Secondly, some instructions may fit in multiple categories, and therefore simply adding the
counts for the various categories will cause instructions to be counted double.
Also note that the (sum of) instruction_cnt value(s) will not match the instruction count
printed at the last line of the output file ("number of instructions: <int>"). This is because
in the former, each iteration of a REP-prefixed instruction is counted, while in the latter
a REP-prefixed instruction in only counted once.
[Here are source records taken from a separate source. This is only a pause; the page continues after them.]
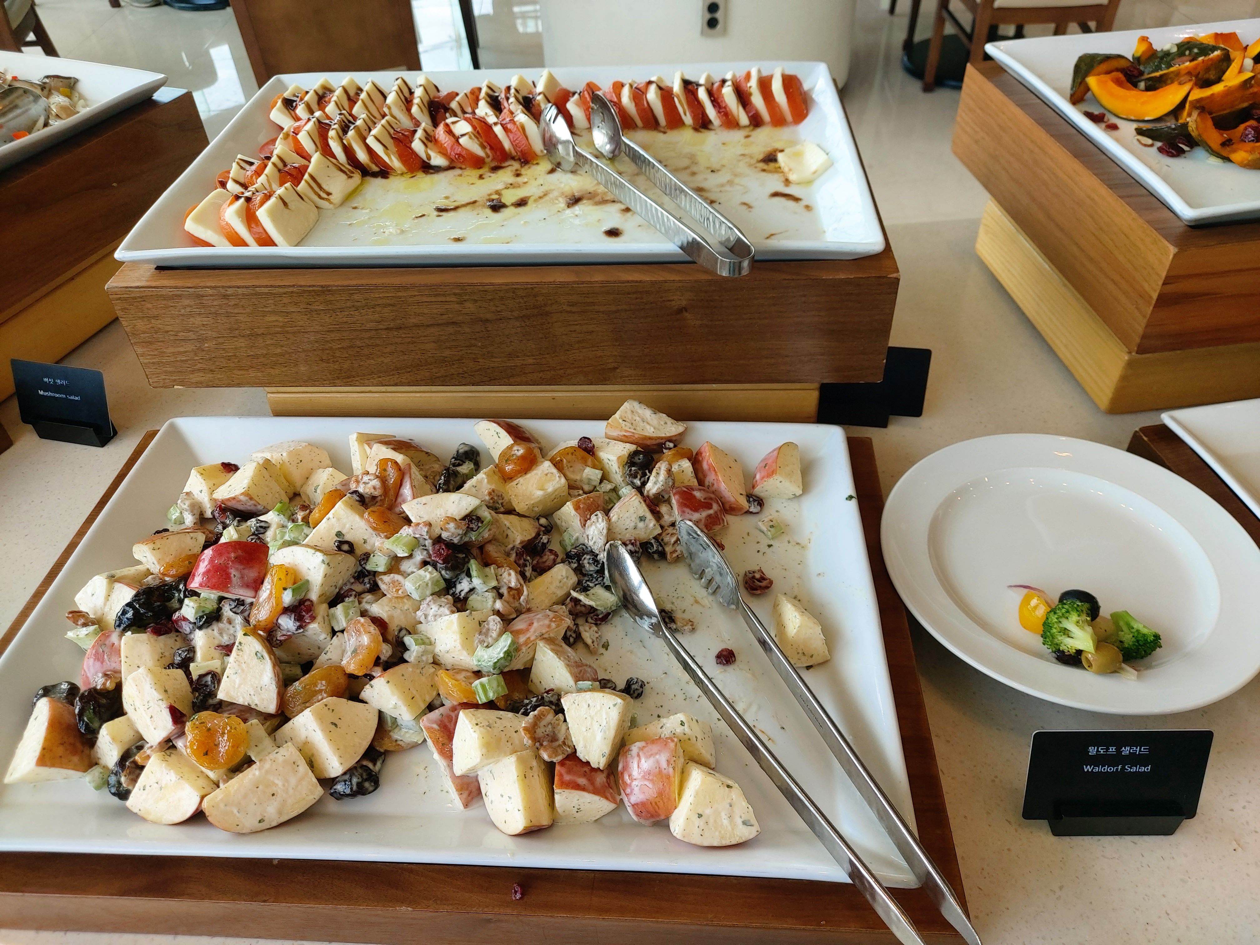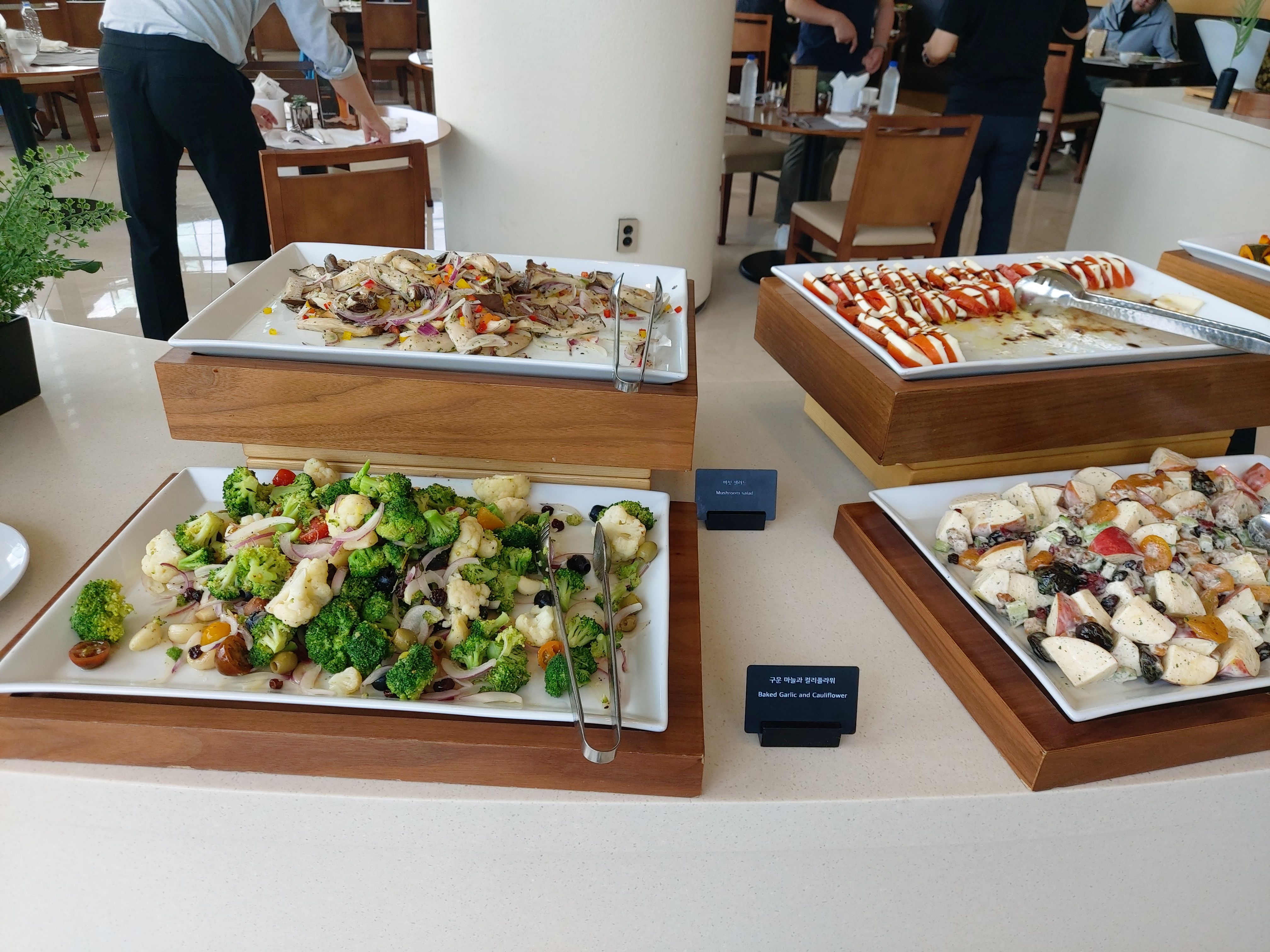 뷔페는 전체적으로 한식, 양식, 샐러드, 과일, 음료 섹션으로 구성되어 있습니다.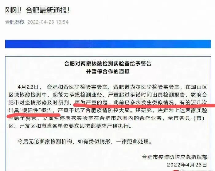 2,更为严重的是,此前已多次发生类似情况,有的还几次出具“假阳性”报告,严重干扰了合肥疫情防控大局。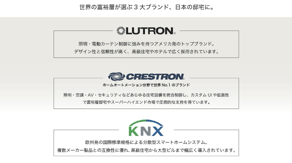 「(3)Hanamuraでは、さきほどプレゼンテーションがあったCRESTRONのほか、LUTRON(ルートロン)やKNX(ケーエヌエックス)を含む世界3大ブランドを取り扱っており、お客様のご要望に応じたホームオートメーションを構築できます」
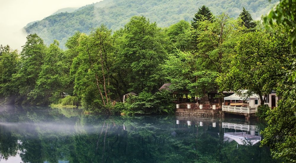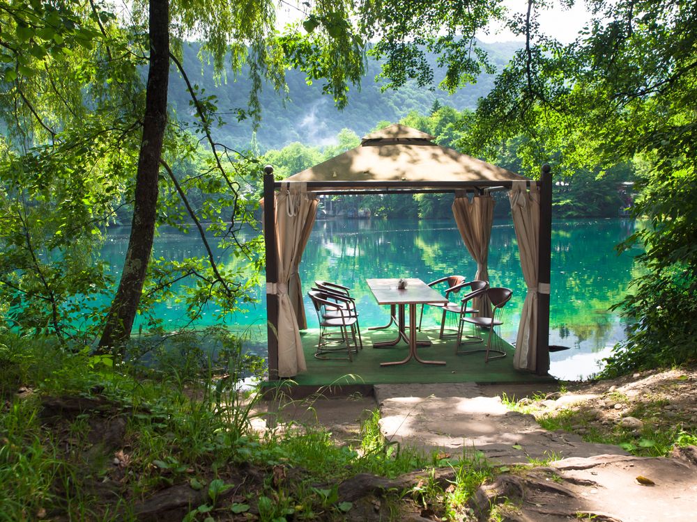 Недалеко от столицы республики находится еще одно чудо природы – целая сеть карстовых озер. Каждое из них уникально, но одно, нижнее, представляет для туристов особый интерес. Это озеро расположилось среди скалистых хребтов.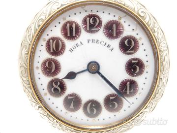 Antico orologio da tasca Roskopf primi del 900 con quadrante in ceramica a CARTOUCHE e vetro minerale . Movimento meccanico a carica manuale . Cassa interamente lavorata con scena di lotta e motivi floreali in rilievo sul retro . Diametro cassa mm 53 . L'orologio e' in buone condizioni e funzionante.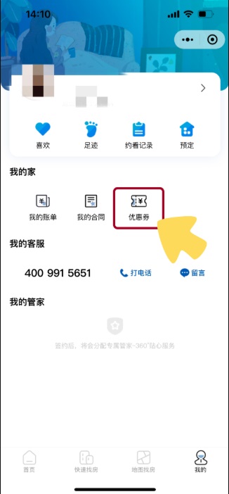 step 4 邀請注冊并簽約后在“我的”-“優惠券”即可查看優惠券獎勵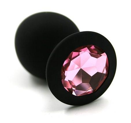 Анальная пробка из силикона черного цвета, размер M. Страз в основании круглой формы, выполнен из стекла светло-розового цвета. Упакована в вельветовый мешочек для хранения. Вес - 46,5 граммов.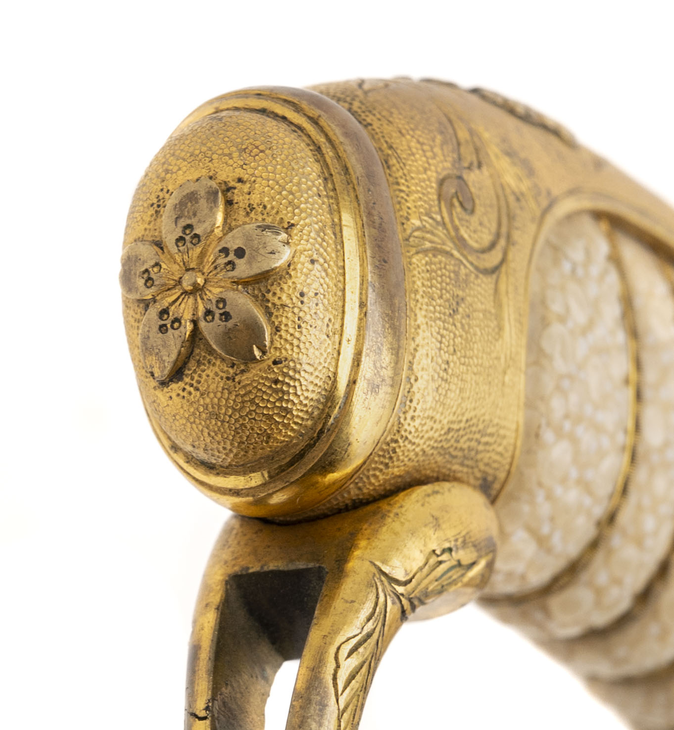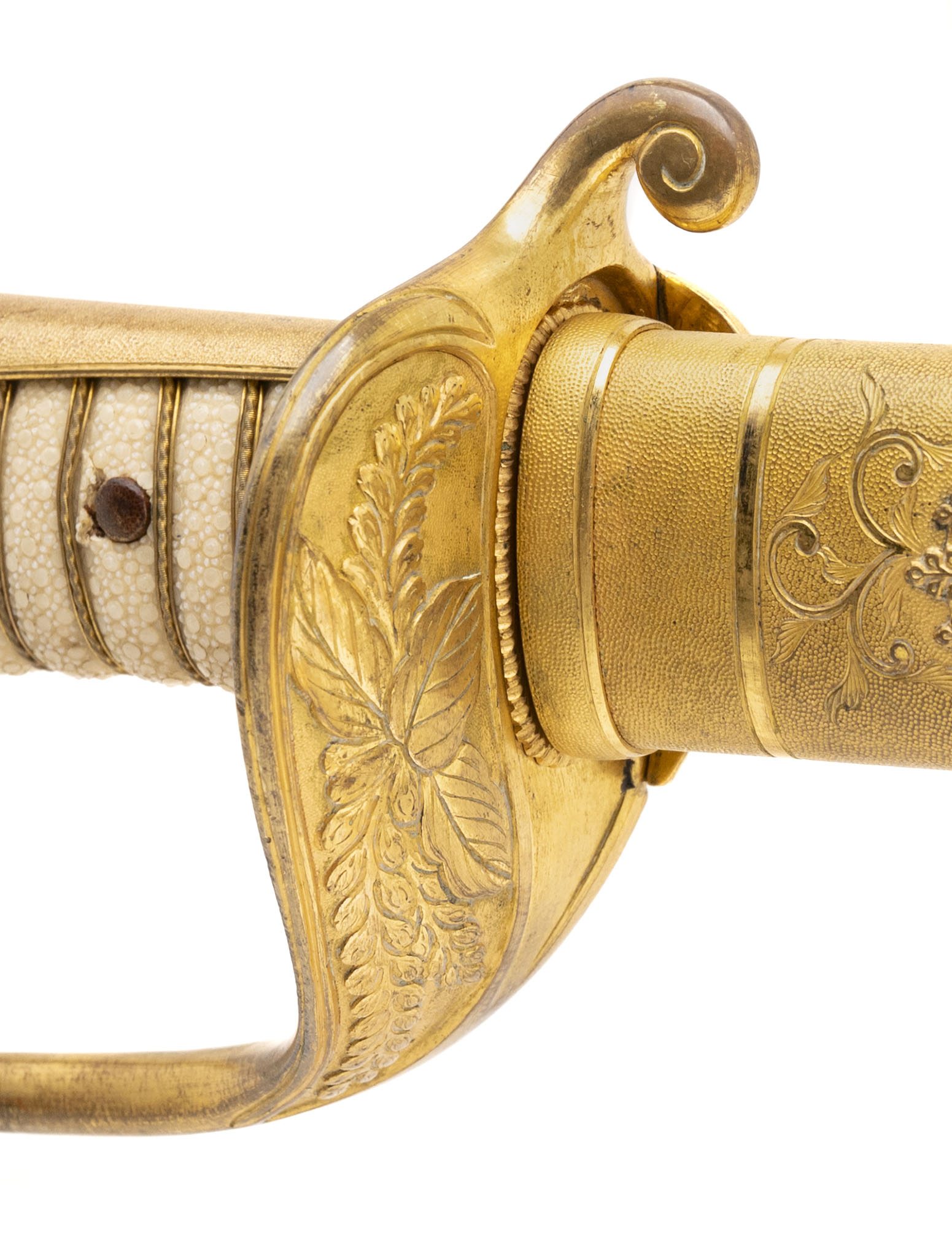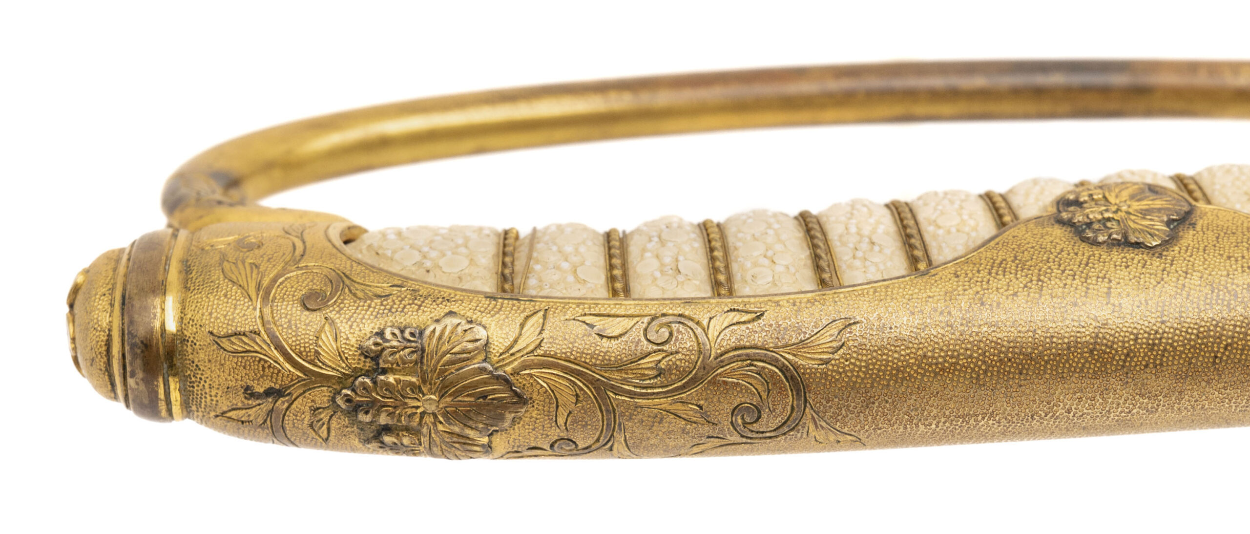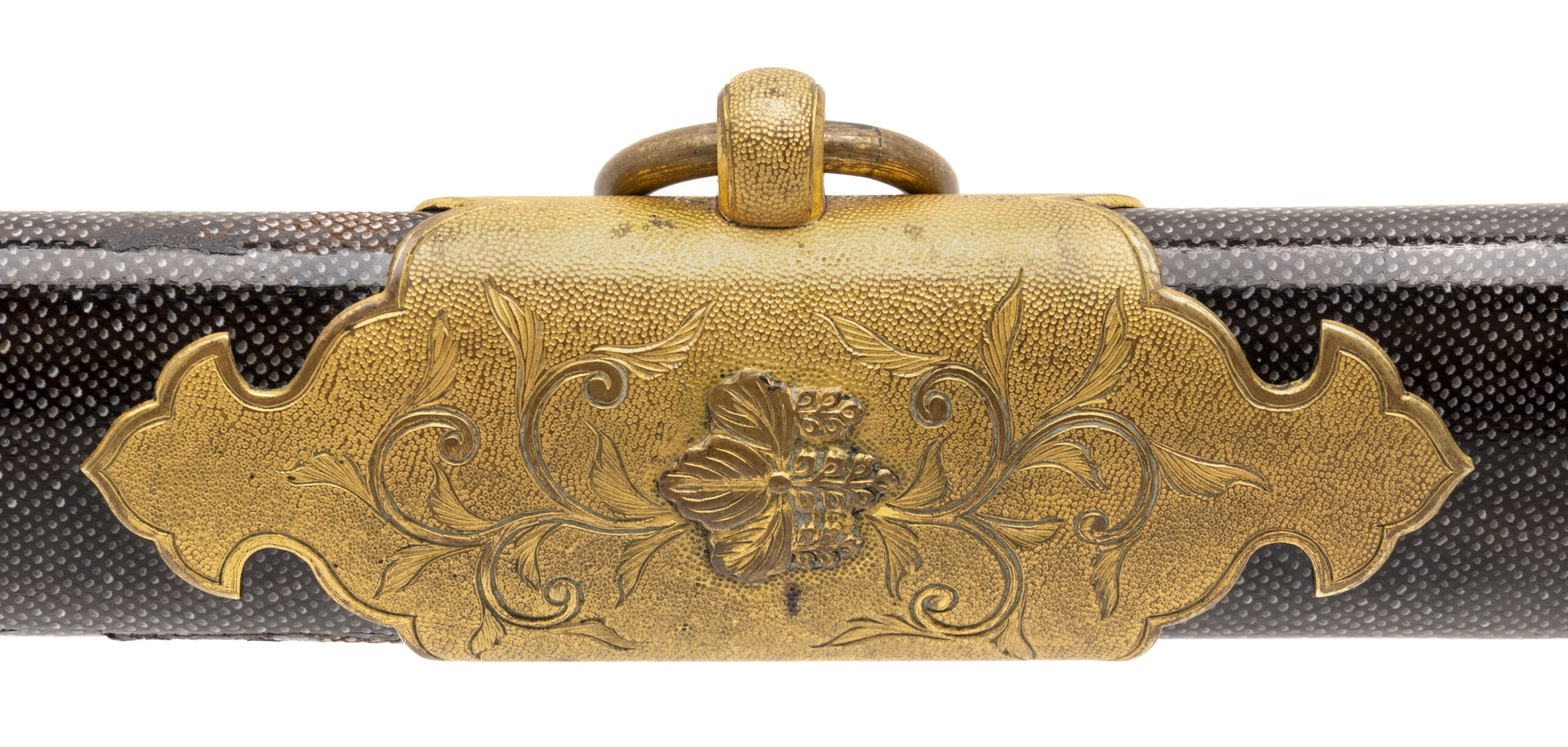 24 7/8” blade. This is an older blade that has been remounted into Russo Japanese War mounts. It has a Kin zogan Mei which is the gold inlaid signature signed Suke Sada. Based on this and the gilded kiri motif on the saya, we believe this could have been an imperial presentation blade. The blade needs to be repolished. Otherwise the outside of the sword is in very fine condition

The other_cnt contains the number of instructions that did not fit in any of the other categories
(excluding mem_read and mem_write). More details on which kind of instructions this includes can
be found in the itypes_other_group_categories.txt output file.
+++ ppm +++
FORMAT:
instr_cnt<space>GAg_mispred_cnt_4bits<space>PAg_mispred_cnt_4bits<space>GAs_mispred_cnt_4bits<space>PAs_mispred_cnt_4bits<space>...<space>PAs_mispred_cnt_12bits
CONVERSION:
GAg_mispred_cnt_Kbits/instr_cnt
...
PAs_mispred_cnt_Kbits/instr_cnt
+++ reg +++
FORMAT:
instr_cnt<space>total_oper_cnt<space>instr_reg_cnt<space>total_reg_use_cnt<space>total_reg_age<space>reg_age_cnt_1<space>reg_age_cnt_2<space>reg_age_cnt_4<space>...<space>reg_age_cnt_64
CONVERSION:
total_oper_cnt/instr_cnt
total_reg_use_cnt/instr_reg_cnt
reg_age_cnt_1/total_reg_age
reg_age_cnt_2/total_reg_age
...
reg_age_cnt_64/total_reg_age
+++ stride +++
FORMAT:
mem_read_cnt<space>mem_read_local_stride_0<space>mem_read_local_stride_8<space>...<space>mem_read_local_stride_262144<space>mem_read_global_stride_0<space>...<space>mem_read_global_stride_262144<space>mem_write_cnt<space>mem_write_local_stride_0<space>...<space>mem_write_global_stride_262144
CONVERSION:
mem_read_local_stride_0/mem_read_cnt
...
mem_read_global_stride_262144/mem_read_cnt
mem_write_local_stride_0/mem_write_cnt
...
mem_write_global_stride_262144/mem_write_cnt
+++ memfootprint +++
Integer output (no conversion needed).
FORMAT:
num_64-byte_blocks_data<space>num_4KB_pages_data<space>num_64-byte_blocks_instr<space>num_4KB_pages_instr
+++ memreusedist +++
FORMAT:
mem_access_cnt<space>cold_ref_cnt<space>acc_cnt_0-2<space>acc_cnt_2-2^2<space>acc_cnt_2^2-2^3<space>...<space>acc_cnt_2^17-2^18<space>acc_cnt_over_2^18
CONVERSION:
cold_ref_cnt/mem_access_cnt
acc_cnt_0/mem_access_cnt
...
acc_cnt_2^18-2^19/mem_access_cnt
acc_cnt_rest/mem_access_cnt
* Multi-process binaries
-----------------------------------
If you want to use MICA on multiprocess binaries which call fork and execv, you should specify this entry in the MICA configuration file:
append_pid: yes
This will tell MICA to append the current process ID to the report file names so multiple processes do not overwrite each other's output.
Additionally, you should pass "-follow_execv 1" parameter to pin in order to trace multiprocess applications.